Here was an idea that I came across in Friedrich Hayek over the weekend. It helped me get a serious grip of how my next major book project in philosophy, Utopias, will deal with the most politically successful social ideology of the last 50 years: neoliberalism, the right-wing libertarian philosophy that justifies the place of the powerful.
I hit on the core idea in which I could genuinely say that all this talk of economic and political freedom misses an important element of a healthy human life. To be fair, the philosophy of new liberalism made great social progress when it was first developed, when Hayek published Road to Serfdom in 1944.
|Charlie Chaplin gets some work done|
on the core code of his company
server's OS. Hoping to fix a bug or
The Cold War was kicking into gear, as the Western left had become obsessively focussed with building government bureaucracies to manage whole economies. The most deluded were the ones who believed that Stalin’s and Krushchev’s Soviet Union had achieved such collective justice through state control. But the error was the same. An inescapably bureaucratic life made us into cogs in machines, creatures whose only possible act is to obey.
Libertarian philosophy has a noble goal in this context. But the heritage of Hayek has been to grow paranoid and hostile to any organization that attempts a collective movement.
Since first learning about Hayek’s political views, what mystified me was his hatred and fear of the trade union movement. Donald Gutstein described Hayek as irrationally angry at the mere existence of unions. I knew a core value of trade unionism is that a group of workers would join forces to bargain for a fair deal as a community with their employer.
Not all of them lived up to the ideal. In my case, I encountered unions who justified creating a privileged class for their members over working for the overall prosperity of all the workers in their sector. It becomes a desperate move for survival in the face of a nearly-victorious political movement against unions, the last hypocritical jerks of a social movement in its death throes.
But a chapter of Road to Serfdom with the deliciously paranoid title, “The Totalitarians In Our Midst,” explained why Hayek, and so the libertarian social movement he inspired, despise unions so much. An international trade union or federation of such unions, he says, is an institution that organizes an industry monopolistically.
In the case of unions, they organize a monopoly of labour. In this sense, Hayek considers trade unions just as dangerous as groups of the richest men in a nation’s business world, who wish to run a cartel of state-backed monopoly corporations that controls an entire industry of the country. Dangerous in exactly the same way: monopoly organization.
Hayek, and so many libertarians who uncritically accept all of his analysis as truth,* don’t understand the importance of network organizing for political purposes. These are individuals who freely form associations with different purposes, based on contacting other individuals who believe similarly and wish to act on that belief. The physical infrastructure that we need the state to maintain must still exist; otherwise our physical means of global networked communication collapses.
|I have some friends on strike at University of Toronto|
right now, and I hope their collective (if frustrating)
organization finds a solid solution for its members.
But ultimately, the entire system has to change.

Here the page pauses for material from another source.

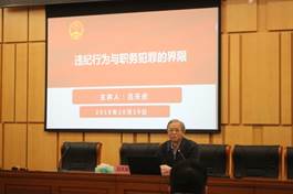 2018年10月19日下午,重庆市纪检监察学会吕天庆会长莅临重庆廉政研究中心,讲授关于违纪行为与职务犯罪的区别的论题,法学院2016-2018级研究生以及宪法、行政法、刑法学的有关教师参与了研讨交流,吕天庆会长的个人魅力深深的折服了在场的每位同学。

* And there are many more such people than we think. Just because the Austrian school of economics is not exactly in the mainstream of most university departments, universities themselves do not make the loudest philosophical voices influencing the governments and political organizations of our world. The Mt Pelerin Society, which Hayek formed with other Nobel prize winning economists of similar perspectives, educated the founders of private think tanks and government ministers of many political parties in many countries throughout the West.
The individuals never disappear in a collective of conformity. Each of us in such organizations remain active in our own lives. That’s why we shouldn’t expect permanence from these organizations, only flexibility. People organize for a particular purpose, and when the purpose is achieved, only friendship is left behind. That friendship, which can occur across a whole planet in real time in gigantic numbers for the first time in human history, is the foundation of international peace.
Sometimes, overcoming a set of ideas arises from a simple analysis. There are other people making similar insights all over the world, and trying to live it out in their own way. A community garden, a place on the internet where people can share personal stories, a neighbourhood association helping the less fortunate, a continent-wide indigenous social-environmentalist protest movement.
I’m writing that set of ideas in a book that I hope to publish sometime in the early 2020s (realistically speaking) and contribute to an intellectual climate that helps change a few minds. Heading into humanity’s ecological crisis, it’s the least I can do.